# Time to Learn More...Much More!



## Ivan (Jul 22, 2006)

My Brothers and Sisters in Christ,

Most of what I have learned about Covenant Theology has been from the various internet boards that I frequent. However, I believe that I have much, much to learn. In this area I believe I am yet a babe. 

This is my question: what is *THE* one book that you would recommend for an understanding of Covenant Theology? I have a lot on my table right now, preaching sermons, studying Biblical Counseling, working over night, family, church, et al. I need the one book to start out with. 

What is that one book?


----------



## Philip A (Jul 22, 2006)

Witsius 

I think it is out of print, but you may still be able to get it from www.wtsbooks.com

Of course, the issue is too huge for there to be _one_ book, but Witsius will get you about 80% to 90% there.


----------



## Arch2k (Jul 22, 2006)

The Economy of the Covenants by Herman Witsius.


----------



## Ivan (Jul 22, 2006)

How about Horton?


----------



## Pilgrim (Jul 23, 2006)

Christ of the Covenants by O. Palmer Robertson is considered a balanced, recent introduction to covenant theology.


----------



## Bladestunner316 (Jul 23, 2006)

Amazing people here support the books that people on the FV/NPP board dont really care for.


----------



## Philip A (Jul 23, 2006)

> _Originally posted by Ivan_
> How about Horton?



Horton alongside of Witsius would be excellent.


----------



## MW (Jul 23, 2006)

I wouldn't suggest starting with Witsius. There are too many concepts which require pre-understanding. Certainly one should have it as a goal. Robertson deals with passages from an exegetical standpoint rather than a systematic one. He would be good to criticaly reflect on at a later stage. I would suggest reading Robert Shaw and A. A. Hodge (in that order) on the Westminster Confession, chapter 7. With the basic structure understood, an exposition like Witsius' will be better appreciated.


----------



## Ivan (Jul 23, 2006)

> _Originally posted by armourbearer_
> I wouldn't suggest starting with Witsius. There are too many concepts which require pre-understanding. Certainly one should have it as a goal. Robertson deals with passages from an exegetical standpoint rather than a systematic one. He would be good to criticaly reflect on at a later stage. I would suggest reading Robert Shaw and A. A. Hodge (in that order) on the Westminster Confession, chapter 7. With the basic structure understood, an exposition like Witsius' will be better appreciated.

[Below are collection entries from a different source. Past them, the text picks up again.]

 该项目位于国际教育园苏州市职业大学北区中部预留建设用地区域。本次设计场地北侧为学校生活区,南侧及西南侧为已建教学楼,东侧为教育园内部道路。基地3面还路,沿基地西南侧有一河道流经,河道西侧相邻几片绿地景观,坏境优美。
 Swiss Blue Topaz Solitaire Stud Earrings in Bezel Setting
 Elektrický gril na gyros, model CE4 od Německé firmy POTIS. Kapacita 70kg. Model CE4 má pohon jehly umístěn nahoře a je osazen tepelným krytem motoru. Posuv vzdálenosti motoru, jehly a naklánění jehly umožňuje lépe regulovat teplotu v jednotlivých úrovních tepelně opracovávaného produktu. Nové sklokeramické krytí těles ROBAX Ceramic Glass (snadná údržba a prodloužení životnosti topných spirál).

Thank you, Matthew. Good advice indeed. I wouldn't start with Witsius anymore than I would start with John Owen!


----------



## Ivan (Jul 26, 2006)

I have ordered this book, "God of Promise: Introducing Covenant Theology" by Michael Horton, and will proceed from there. I'll be purchasing a book on Covenant Theology from a Baptist viewpoint in the near future.


----------



## ChristopherPaul (Jul 26, 2006)

What? No one suggested starting with Meredith Kline? 

I think Horton is a wise place to start Ivan.

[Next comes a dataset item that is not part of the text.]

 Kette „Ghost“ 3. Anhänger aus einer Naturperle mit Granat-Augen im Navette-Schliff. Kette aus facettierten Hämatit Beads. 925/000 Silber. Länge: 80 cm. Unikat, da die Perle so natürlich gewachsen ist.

I don't know of any books that are a good place to start AND a good place to continue. It appears with this subject we need a primer (Horton, Robertson, McMahon, Goldsworthy, etc.) and then move up to advanced expositions such as Witsius, Kline, and Owen.


----------



## Ivan (Jul 26, 2006)

> _Originally posted by ChristopherPaul_
> What? No one suggested starting with Meredith Kline?
> 
> I think Horton is a wise place to start Ivan.
> ...



Well, I certainly will be taking a look at the work of that McMahon guy! : 

[Edited on 7-26-2006 by Ivan]


----------